Stinkwheel Publishing was founded by David Beare in 2004 out of frustration with commercial publishers of historical works on cyclemotors, motorcycles, cars, tractors etc. None were interested or wanted to publish niche books for a limited market on fascinating but outside of mainstream subjects, and with print runs of less than 1,000 copies. Commercial publishers all needed to print thousands of copies due to the limitations and economics of lithographic print technology at the time, which would mean a large pile of costly unsold books sitting around for years. Our average print run now is 200-300 copies per title as it is possible these days to print-on-demand small runs on digital Xerox presses. Interestingly, many publishers are now using this technology, so nearly 20 years down the road a minimum print run of 1,000 copies is history.
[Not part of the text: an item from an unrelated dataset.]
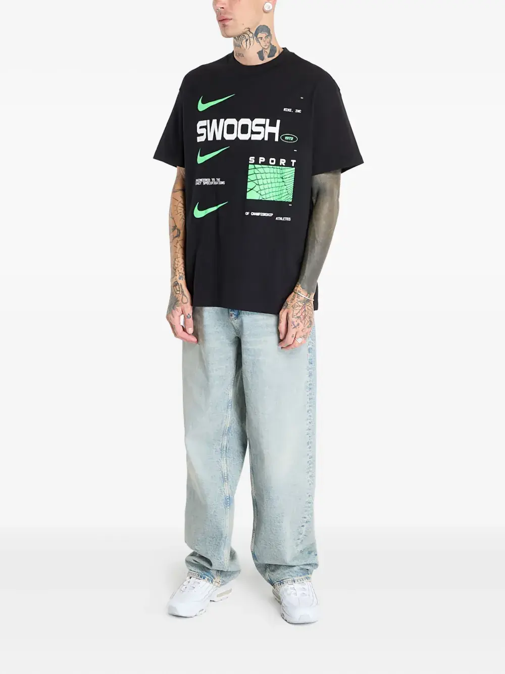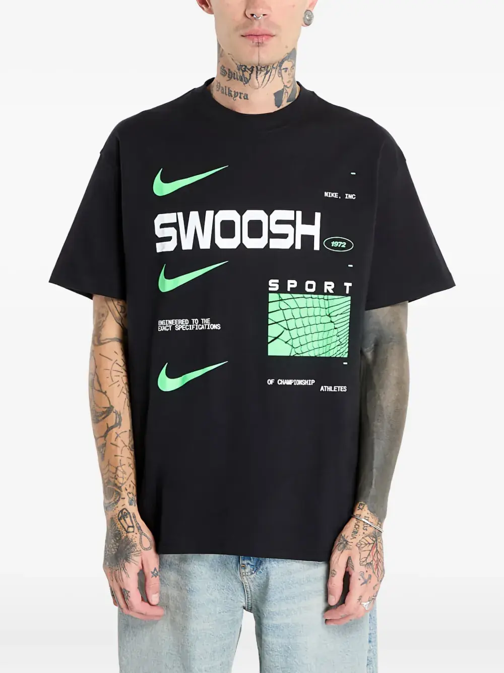 чёрная футболка с графическим принтом, круглым вырезом и короткими рукавами

Computers and software have reached a level of sophistication, speed and affordability where it is possible to write text, design layouts, embed images on pages and produce print-quality .pdf’s from an ordinary home PC, ready for printing. Collaboration with our superbly-supportive print-works near Ipswich, Suffolk, completed the circle. Keith Avis Printers Ltd. at 68 High Street, Hadleigh IP7 5EF, www.keithavis.co.uk (email- jason@keithavis.co.uk) and continue to produce high-quality printed & bound books for Stinkwheel Publishing.

I decided early on to use an A4 format, which lends itself well to larger reproduction of images than smaller page formats, and to print soft colour covers rather than expensive hard-backs, in order to keep prices down for readers of such niche publications. We have achieved this and made well-researched, readable books more affordable. Many motoring publications are now aimed at the prestige, hard-back with slip-case market, with high prices to match. With new digital printing technology available at Keith Avis Printers Ltd. 68 High Street, Hadleigh IP7 5EF, Suffolk (email jason@keithavis.co.uk) I can now include colour images distributed throughout the text, previously impossible due to costly litho-plates having to be made.
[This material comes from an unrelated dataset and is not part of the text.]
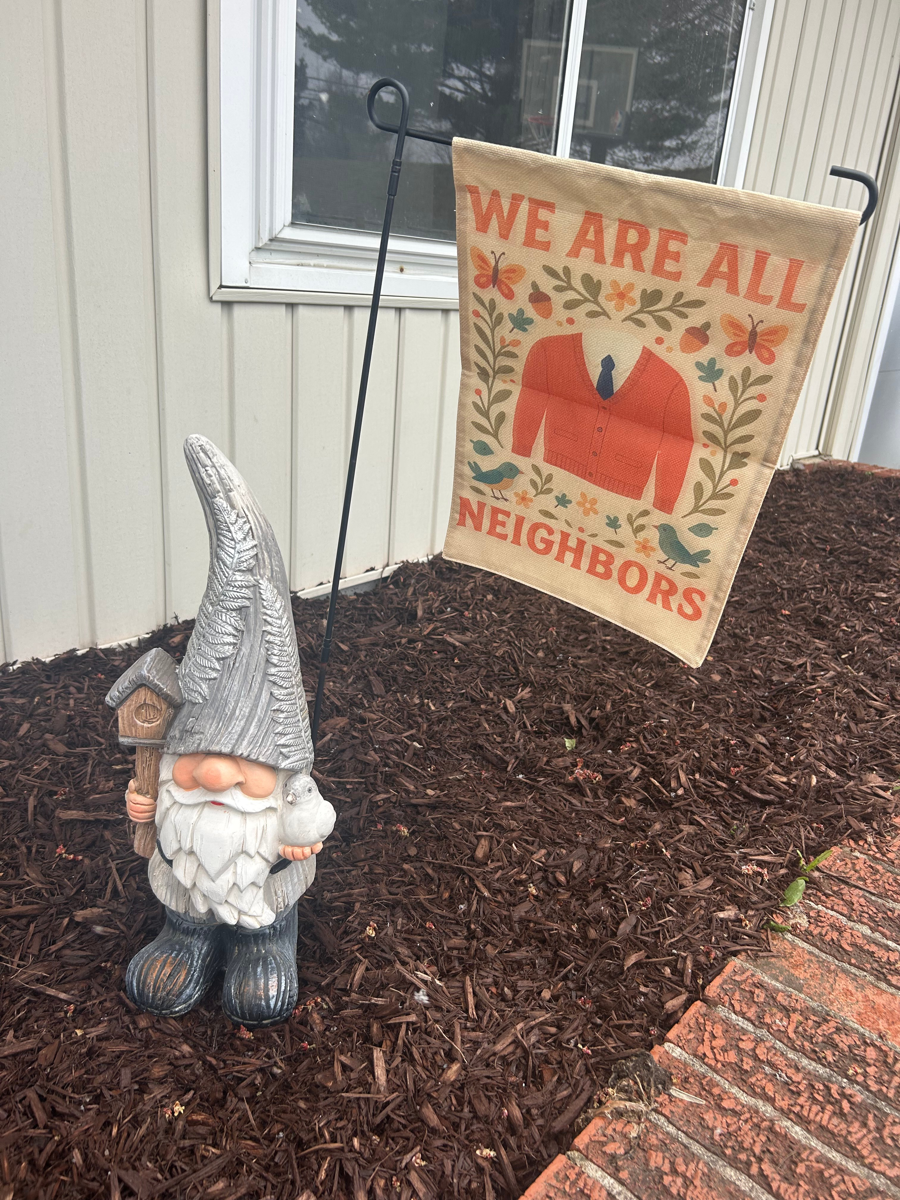 Introducing our delightful Garden Bundle, perfect for adding charm and personality to your outdoor space! This unique set features a whimsical garden gnome that will bring a smile to your face every time you see it. Accompanying the gnome is a Mr. Rogers yard flag, showcasing the beloved red sweater and spreading positivity in your garden. To complete the bundle, we've included a sturdy yard flag holder, ensuring that your flag stands tall and proud in your yard. Enhance your garden's aesthetic with this enchanting combination and make your outdoor area a welcoming haven!

The name Stinkwheel derives from 1930s slang amongst motorcyclists for small-capacity, feeble two-stoke powered cyclemotors and autocycles which buzzed noisily but slowly around in a cloud of blue oily smoke- a stinkwheel. Our first two books were histories of such cyclemotors- The Stinkwheel Sagas, Episode 1 and 2, covering a short period after World War II when many manufacturers, small-scale and large (some of whom should have known better), launched themselves into making sub-50cc auxiliary engines to clip onto ordinary pushbikes and assist a rider up hills. Some came from reputable names such as BSA, Vincent, Ducati or Garelli. Others were individual efforts or from two-men-and-a-dog engineering works in a shed. Many exhibited technical ingenuity of a high order, with obtaining the most from the least the guiding principle.
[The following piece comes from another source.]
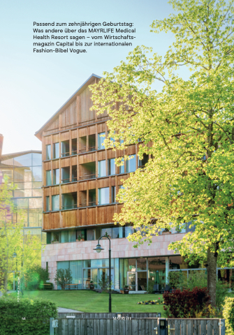 Passend zum zehnjährigen Geburtstag: Was andere über das MAYRLIFE Medical Health Resort sagen – vom Wirtschafts- magazin Capital bis zur internationalen Fashion-Bibel Vogue. FOTO: Karl Steinegger 45

Author & publisher David Beare and collaborator Philippa Wheeler (Stinkwheel Saga Episodes 1 & 2) with a Ducati Cucciolo, the 50cc superbike of the 1950’s cyclemotoring era.

Cyclemotors were never meant to last long and increasing prosperity from the mid-1950’s saw nearly all fade away, destroyed by a tide of fast, comfortable and reliable 50cc mopeds, many originating in Europe. Nevertheless a fair number have survived and are preserved and ridden by enthusiasts. Cyclemotors were one subject worthy of technical and historical study but would not sell many books, hence the establishment of Stinkwheel Publishing to produce works on subjects which could only be published in small print-runs.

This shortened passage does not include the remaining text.